So this getting up at 6 every morning and still staying up all night may be getting to me during the day with fuzzy brain sleepiness. Today, I might even nap. It’s not that I’m not tired at 9pm. It’s not that I don’t desperately want to go to bed at 10pm. It’s that I’m behind. I’m behind on my work and desperately trying to get ‘er done and nothing is coming easy or fast right now. So, if I’m still awake at 1:30am, how come I don’t reset the alarm so I can sleep a little later than 6 you ask? Great question! The answer is quite simply, I can’t give up, give in, quit, abandon the task I’ve set out to accomplish. That simple act of resetting the alarm to a later time represents me giving up on my self yet again. And I’m not doing it! No matter how sleepy and cranky I may get throughout the day on my four or five hours sleep. Plus, I’m waking shortly after five every morning on my own anyhow, without the alarm, so I don’t know that setting it to later would even help the sleepy factor. I appear to be wired . . . and stupid. Go figure that!

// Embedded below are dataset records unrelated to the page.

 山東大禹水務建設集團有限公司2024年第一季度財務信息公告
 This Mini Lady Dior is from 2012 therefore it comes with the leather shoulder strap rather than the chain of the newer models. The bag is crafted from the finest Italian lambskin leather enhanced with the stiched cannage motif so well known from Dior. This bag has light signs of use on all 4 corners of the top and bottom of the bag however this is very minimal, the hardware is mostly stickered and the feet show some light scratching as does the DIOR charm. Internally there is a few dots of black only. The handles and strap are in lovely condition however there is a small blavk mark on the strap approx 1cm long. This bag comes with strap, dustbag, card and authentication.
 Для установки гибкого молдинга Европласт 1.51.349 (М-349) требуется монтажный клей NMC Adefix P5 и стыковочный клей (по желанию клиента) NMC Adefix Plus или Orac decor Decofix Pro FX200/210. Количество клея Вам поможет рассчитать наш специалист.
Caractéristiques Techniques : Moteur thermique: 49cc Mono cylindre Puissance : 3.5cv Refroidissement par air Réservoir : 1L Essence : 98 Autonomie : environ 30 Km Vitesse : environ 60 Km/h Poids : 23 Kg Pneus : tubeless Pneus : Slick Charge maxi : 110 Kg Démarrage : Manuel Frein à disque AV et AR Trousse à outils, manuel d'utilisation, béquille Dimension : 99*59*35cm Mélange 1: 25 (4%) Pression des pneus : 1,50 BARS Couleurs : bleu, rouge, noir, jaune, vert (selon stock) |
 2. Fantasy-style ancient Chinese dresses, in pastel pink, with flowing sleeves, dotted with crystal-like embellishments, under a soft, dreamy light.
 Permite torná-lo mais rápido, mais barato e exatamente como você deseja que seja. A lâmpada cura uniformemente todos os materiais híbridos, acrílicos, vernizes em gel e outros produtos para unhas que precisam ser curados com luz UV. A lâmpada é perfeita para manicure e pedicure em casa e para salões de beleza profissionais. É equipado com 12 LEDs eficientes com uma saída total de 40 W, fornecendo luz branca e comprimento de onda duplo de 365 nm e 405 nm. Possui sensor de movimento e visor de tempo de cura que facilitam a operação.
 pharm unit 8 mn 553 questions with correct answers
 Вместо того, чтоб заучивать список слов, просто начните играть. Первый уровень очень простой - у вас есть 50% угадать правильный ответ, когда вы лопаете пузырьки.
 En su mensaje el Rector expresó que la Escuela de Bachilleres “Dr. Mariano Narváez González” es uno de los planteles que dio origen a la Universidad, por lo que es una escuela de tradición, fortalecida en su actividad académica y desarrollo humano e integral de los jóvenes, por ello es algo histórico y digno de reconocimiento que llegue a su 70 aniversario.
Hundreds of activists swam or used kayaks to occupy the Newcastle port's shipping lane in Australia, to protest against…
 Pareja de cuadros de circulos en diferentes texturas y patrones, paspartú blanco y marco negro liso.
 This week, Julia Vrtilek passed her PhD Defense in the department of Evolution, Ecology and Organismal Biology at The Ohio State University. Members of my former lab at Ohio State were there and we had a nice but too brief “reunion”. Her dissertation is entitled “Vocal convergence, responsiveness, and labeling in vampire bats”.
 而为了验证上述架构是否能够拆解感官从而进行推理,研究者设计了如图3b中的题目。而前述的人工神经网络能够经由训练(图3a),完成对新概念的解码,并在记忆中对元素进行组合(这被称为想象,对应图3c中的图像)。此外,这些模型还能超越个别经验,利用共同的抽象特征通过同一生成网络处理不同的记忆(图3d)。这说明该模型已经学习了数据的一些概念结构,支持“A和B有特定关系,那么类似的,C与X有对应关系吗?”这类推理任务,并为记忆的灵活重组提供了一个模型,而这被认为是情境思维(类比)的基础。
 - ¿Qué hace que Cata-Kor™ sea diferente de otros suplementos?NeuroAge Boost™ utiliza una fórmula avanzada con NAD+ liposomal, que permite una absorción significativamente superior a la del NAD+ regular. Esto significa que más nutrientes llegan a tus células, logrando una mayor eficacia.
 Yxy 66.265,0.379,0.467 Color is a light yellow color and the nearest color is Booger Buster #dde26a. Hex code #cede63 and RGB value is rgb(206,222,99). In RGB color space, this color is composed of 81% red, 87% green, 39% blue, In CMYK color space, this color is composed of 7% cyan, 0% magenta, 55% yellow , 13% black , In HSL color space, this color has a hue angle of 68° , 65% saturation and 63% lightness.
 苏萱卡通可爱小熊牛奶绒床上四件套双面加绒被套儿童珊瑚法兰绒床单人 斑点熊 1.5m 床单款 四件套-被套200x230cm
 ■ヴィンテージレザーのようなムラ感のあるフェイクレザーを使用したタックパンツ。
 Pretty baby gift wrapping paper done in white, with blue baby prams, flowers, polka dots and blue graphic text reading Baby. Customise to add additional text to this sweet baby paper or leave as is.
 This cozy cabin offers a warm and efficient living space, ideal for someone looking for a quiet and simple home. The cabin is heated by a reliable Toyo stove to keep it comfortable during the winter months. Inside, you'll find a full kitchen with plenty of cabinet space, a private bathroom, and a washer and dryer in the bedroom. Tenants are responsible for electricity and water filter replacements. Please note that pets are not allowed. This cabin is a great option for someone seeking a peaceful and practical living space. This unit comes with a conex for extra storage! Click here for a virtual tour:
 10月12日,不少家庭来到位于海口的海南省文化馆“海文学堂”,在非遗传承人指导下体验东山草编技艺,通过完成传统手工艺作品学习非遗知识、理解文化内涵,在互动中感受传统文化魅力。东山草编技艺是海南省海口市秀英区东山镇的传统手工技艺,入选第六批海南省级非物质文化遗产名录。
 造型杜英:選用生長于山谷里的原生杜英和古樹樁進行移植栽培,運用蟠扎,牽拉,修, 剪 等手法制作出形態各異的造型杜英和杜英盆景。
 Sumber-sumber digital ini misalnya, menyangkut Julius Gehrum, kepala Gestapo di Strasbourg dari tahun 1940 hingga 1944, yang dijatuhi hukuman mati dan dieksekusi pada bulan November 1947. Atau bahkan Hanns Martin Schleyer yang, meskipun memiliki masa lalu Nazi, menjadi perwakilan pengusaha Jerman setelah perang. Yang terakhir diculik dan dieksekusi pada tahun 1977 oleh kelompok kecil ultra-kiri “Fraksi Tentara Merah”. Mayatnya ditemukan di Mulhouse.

Yesterday was hellish for brain fog. By 11:30 last night I could barely see my computer screen and couldn’t type without hitting all the wrong keys, typos and mis-spelled words, I don’t even know what I intended to say. The day before was better. But the day before that, same thing, all fogged in. On my clear-headed day I had a tomato basil egg white omelet and toast for breakfast, lots of protein. So this morning I blew past the cereal and went straight for the eggs and tomatoes again. So far, so good, I feel clear, but the test will be after lunch, whether I crash or not. If I don’t then I will have to start making a direct point to load up on protein first thing in the day. Hopefully, this is all I need to do. Going to bed earlier is not an option for probably another week at least.
Last night I dreamed I went to my high school reunion. Or rather my classmates came to me. I was at my grandparent’s house (why am i there so much in dreams?) and people arrived early in the day catching me unprepared and wearing ratty old sleep pants and a holey t-shirt, hair uncombed, teeth unbrushed, face unwashed, crusties in the corners of my eyes. I was horrified. And I had to play hostess in this condition. Everybody else was so well put together, assembled, you know. And one girl was talking to me saying how much she admired my down to earth nature and how refreshing it was to be around someone who so obviously didn’t care what people thought and could just be themselves. She wasn’t making fun. It wasn’t a backhanded put-down. The girl was completely sincere. She totally thought this, really admired me. It was bizarre. Even more bizarre perhaps was calling S this morning and learning she also had a reunion dream last night, also revolving around the theme of clothing. In her dream everyone was forced to wear bikinis. Eep! Much more horrific than my dream, I’m afraid. We’ve resolved that we should buy a new outfit for this event, something we feel comfortable and confident in, so these dreams don’t come true.
Drinking: water, water, always water
Listening To: foundations, kate nash (yes again! I love, love, love her!)